Ces acteurs ont été sélectionnés au sein des contacts dont nous disposions. Les critères de sélection de l’échantillon sont basés d’une part sur l’activité exercée, d’autre part sur la situation géographique. L’objectif initial était de rencontrer au minimum un acteur « représentatif » par activité : ostréiculteurs et nautiques selon le type d’activité dans chaque secteur plus des « institutionnels » afin de pouvoir croiser les entretiens des professionnels avec une vision plus « règlementée ». Les acteurs ont été interrogés à leur travail ou à domicile et la durée des entretiens varie entre 20 et 50 minutes.

Bien que structuré autour de différentes thématiques, le questionnaire reste relativement libre sur la forme et la discussion offre la liberté d’approfondir les sujets qui nous ont paru centraux. Dans la mesure du possible, le matériel collecté a été mis au propre après chaque entretien ou le lendemain. Les propos de nos interlocuteurs, utilisés en citant leurs initiales entre parenthèse dans notre analyse, ont été mis en perspective avec les enjeux spécifiques et généraux pré-identifiés.
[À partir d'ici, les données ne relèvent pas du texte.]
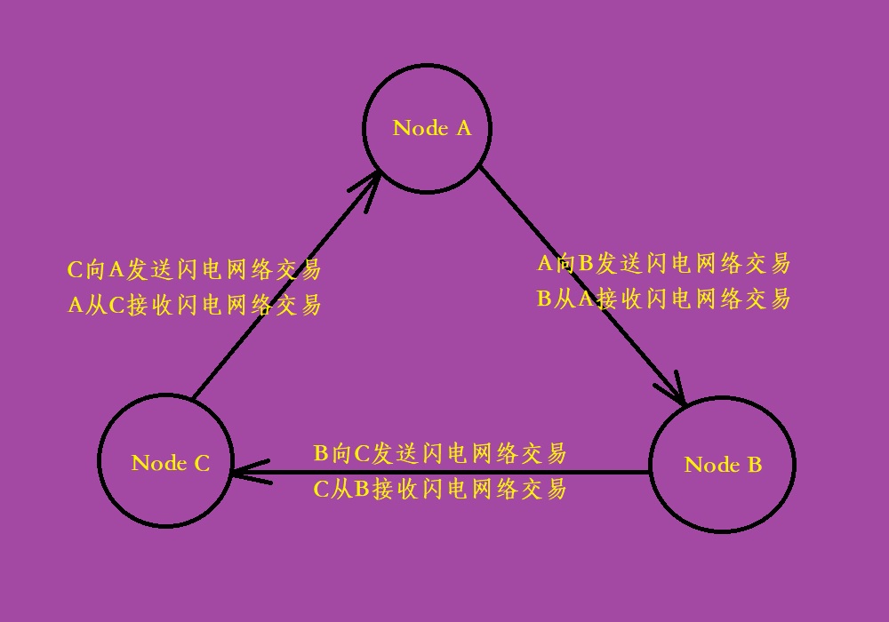 Node B加入后,用户即可向Node B建立出通道。Node B向Node C建立出通道,Node C向Node A建立出通道。上图中Node C已经向Node A开辟了一条通道。用户向下面的Node B节点建立一条通道,即可完成自己的部分。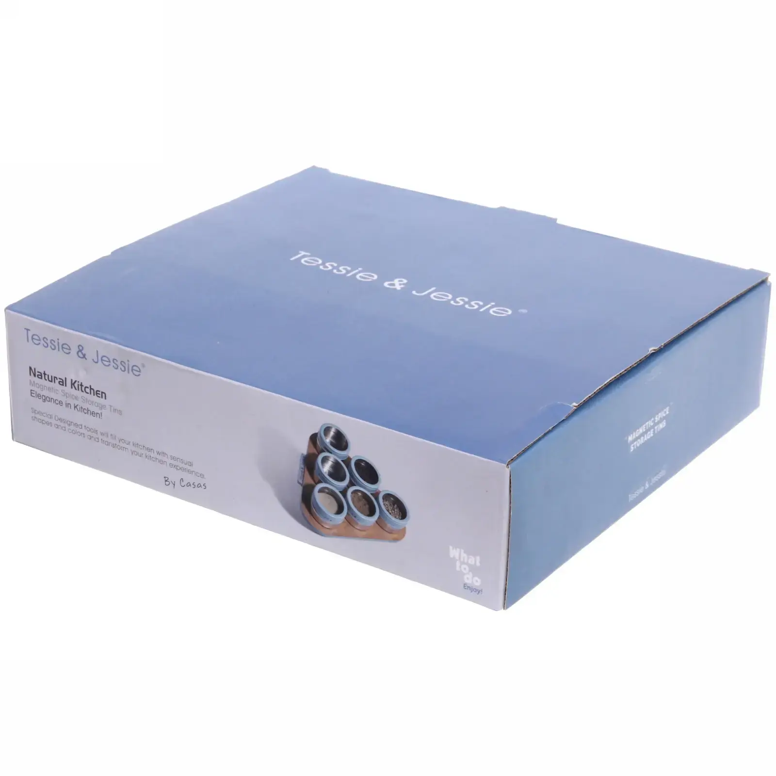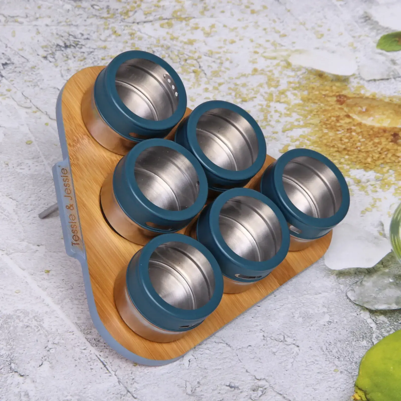 Набор из 6 стильных контейнеров на деревянной подставке создан для тех, кто ценит порядок и эстетику. Прозрачные стеклянные ёмкости с герметичными синими крышками защищают содержимое от влаги и сохраняют аромат специй.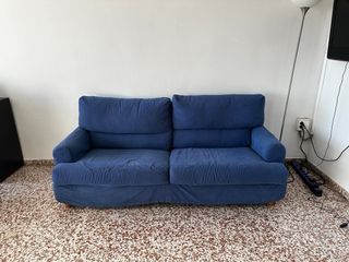 Cómodo sofá de tela en un bonito color azul. EN PERFECTAS CONDICIONES - Diseño moderno y elegante. - Tapicería suave al tacto. Tenemos 2 iguales: 1 unidad (300 €) y los 2 (500 €)

Au sein d’une approche qualitative, ce n’est pas la fréquence d’un propos qui en fait la valeur, et chaque information, même isolée, a été consignée et prise en compte dans la formulation finale des enjeux.

Ces entretiens nous ont permis d’essayer de faire ressortir un état des lieux initial et de « reconstituer l’historique du processus, à travers la visions qu’en avaient les

représentants des différentes catégories » (Beuret, 2006). Afin de ne pas être

enfermé dans un réseau qui serait un simple jeu d’acteurs, nous avons essayé d’« utiliser plusieurs portes d’entrée ». Ces entretiens semi-directifs nous offrent la possibilité d’avoir des éclairages qui vont ébranler le questionnement de départ mais également confirmer la nécessité de la problématique proposée.